Why nursing home aides exposed to COVID-19 aren’t taking sick leave
- Written by Shefali Milczarek-Desai, Assistant Clinical Professor of Law and Director of the Immigrant Workers' Rights Clinic, UA James E. Rogers College of Law, University of Arizona
The COVID-19 pandemic has devastated America’s nursing homes, but the reasons aren’t as simple as people might think.
To understand how nursing homes became the source of over one-third[1] of U.S. COVID-19 deaths, you have to look beyond just the vulnerability of the residents and examine how nursing homes pay and manage their employees.
The average nursing aide earns just $14.25 an hour[2], less than $30,000 a year. Many are women who work at multiple nursing homes to make ends meet. Partly as a result of that, the typical nursing home has staff connections to 15 other facilities[3] – each an opportunity for the coronavirus to spread. That risk is magnified by a reluctance among many nursing aides to take sick days when they are ill, even though federal law currently requires employers to provide paid sick leave for coronavirus-related reasons.
An alarming number of infections in long-term care facilities – nearly half[4] – have been traced to staff who work in multiple health care facilities and who engage in “presenteeism,” meaning they continue to work even after being exposed to or falling ill from COVID-19.
As law professors who specialize in employment, immigration[5] and health law[6], we have spoken with many nursing home aides to try to understand why this is happening and find ways to avoid it. The story of one of them represents what many others have experienced. We’ll call her Salma rather than use her real name to protect her from retaliation.

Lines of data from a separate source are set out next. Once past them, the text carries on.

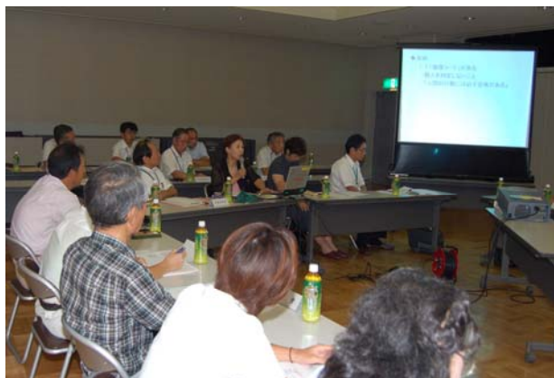
問合せ 地域振興課地域振興・防災係 ☎42-2242

今回の意見交換会を踏まえ、三島地域が安全、安心でさらに住みよいまちになるように、地域委員会と区長会が連携して活動していきます。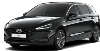
Abyss Black Pearl Perleťová Cena: 16 900 Kč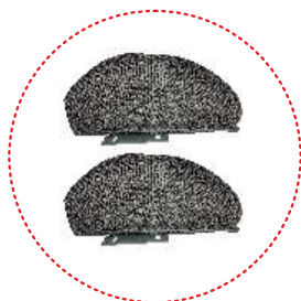
Elementos laterales del asiento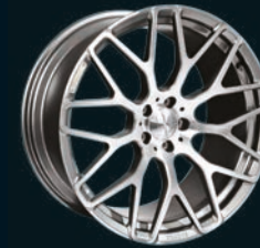
Y BRABUS Monoblock Y "PLATINUM EDITION" 21"/23"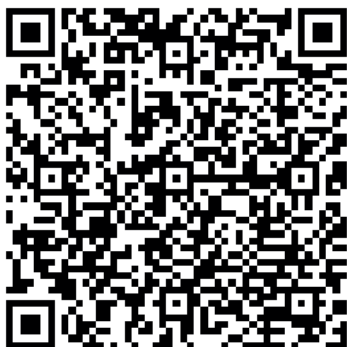
QR-kod till webbverktyget vi använder för tidig dialog.

Du kan skanna QR-koden i din smartphone för att komma direkt till webbverktyget. Öppna kameran på telefonen och fokusera på koden så hjälper din telefon dig.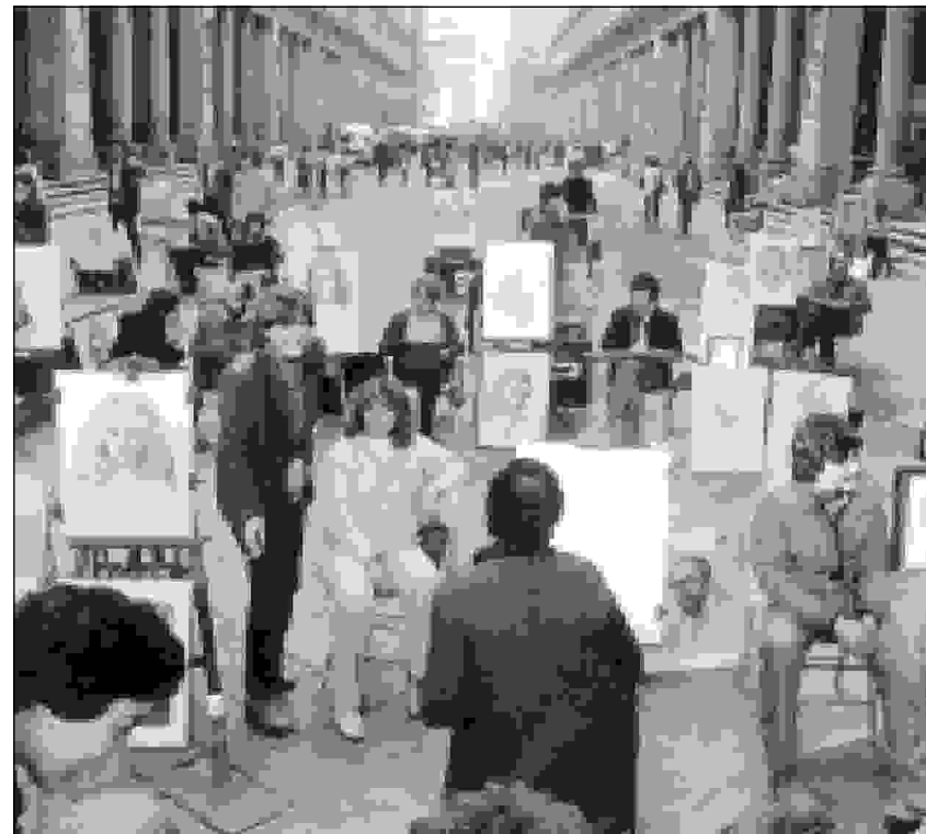
Straßensitzung statt Straßensatzung: Porträtmaler in Florenz

Die GRÜNE Fraktion stellt den Antrag, dass die Stadt Wuppertal die Projektgruppe "Spurensuche - Zwangsarbeit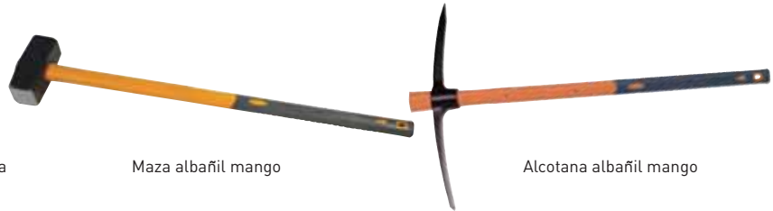
Maza albañil mango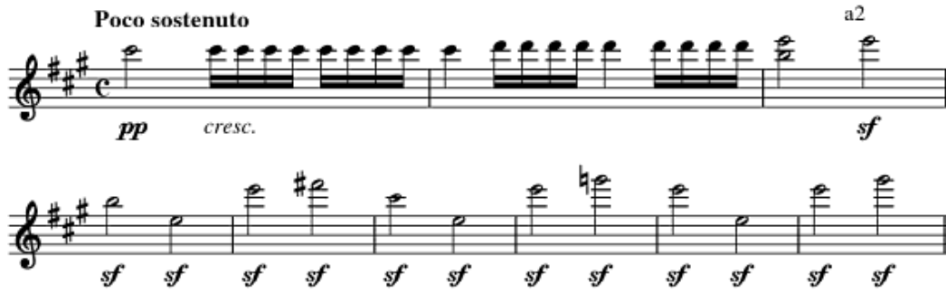
Şekil 2. Tek Dil Egzersiz Örneği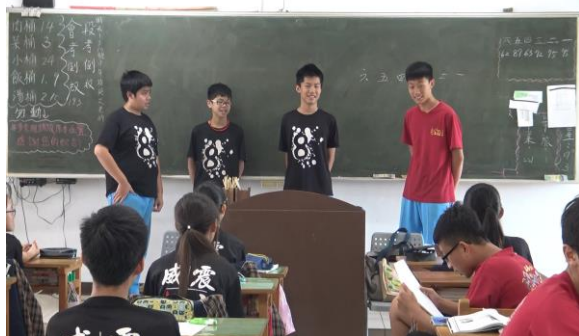
這組同學介紹安平老街的蚵仔煎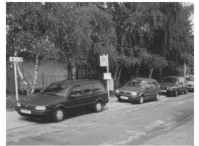
Zugeparkte Tram- und Bushaltestellen sind in vielen Gegenden Berlins bereits zum Normalzustand geworden.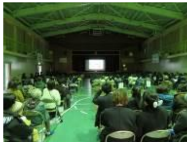
【50年を振り返るスライドショーを見る様子】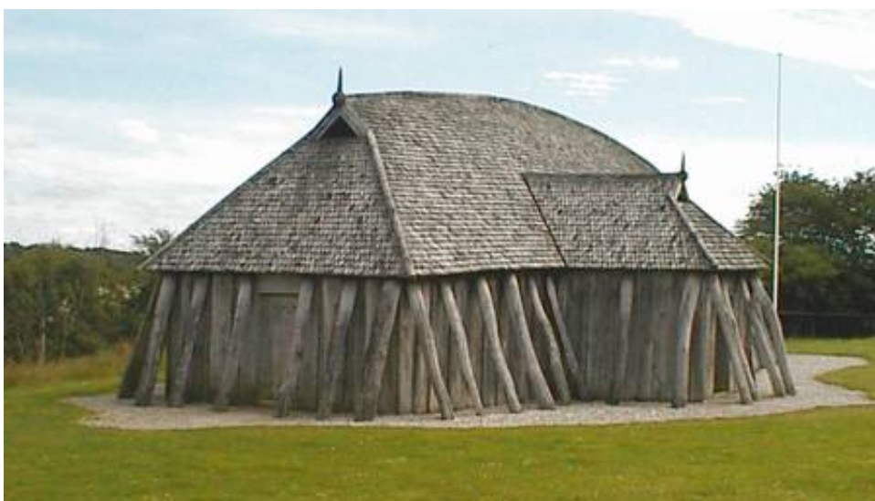
Kopien af langhuset ved Fyrkat

I forbindelse med køb af billetten udleveres en lille folder (een A4-side), hvor der er lidt mere information om stedet.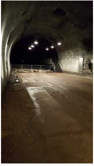
Ausstellung im Stollen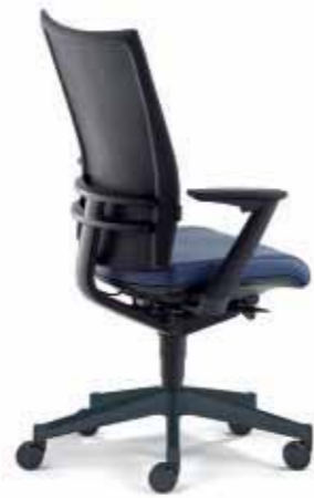
Klöber Orbit orb98 Drehsessel. Glasfaserverstärkter Trägerrahmen mit TPE-Membran. Alu-Rückenlehnenträger schwarz, Z-Armlehnen, Alu-Fußkreuz schwarz. Klöber Orbit orb98 swivel chair. Glass-fibre reinforced supporting frame with TPE membrane. Aluminium backrest frame, black, Z armrests, aluminium base, black.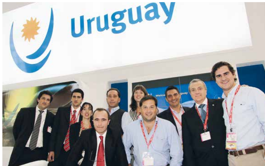
El embajador de Uruguay, Nelson Chabén—segundo por la derecha—, en el stand uruguayo en Gulfood.

El comercio bilateral entre Emiratos y Uruguay aumentó en el año

Like about a third of nursing aides[7], Salma is an immigrant. She often spends 12 hours a day cooking, cleaning and caring for residents’ most intimate needs, such as bathing, dressing, feeding and providing medication.
When Salma fell ill earlier this year, she requested paid sick leave, but her employer refused to provide it. She tried to assert her rights under her state’s paid sick time law, but she said her employer responded by threatening to report her to immigration authorities. When she explained that she had legal status, Salma said, her employer changed tactics and threatened to report her to the Internal Revenue Service because no payroll taxes had been deducted from her wages, as she was paid off the books. Salma was afraid she would lose her job, so she continued to go to work.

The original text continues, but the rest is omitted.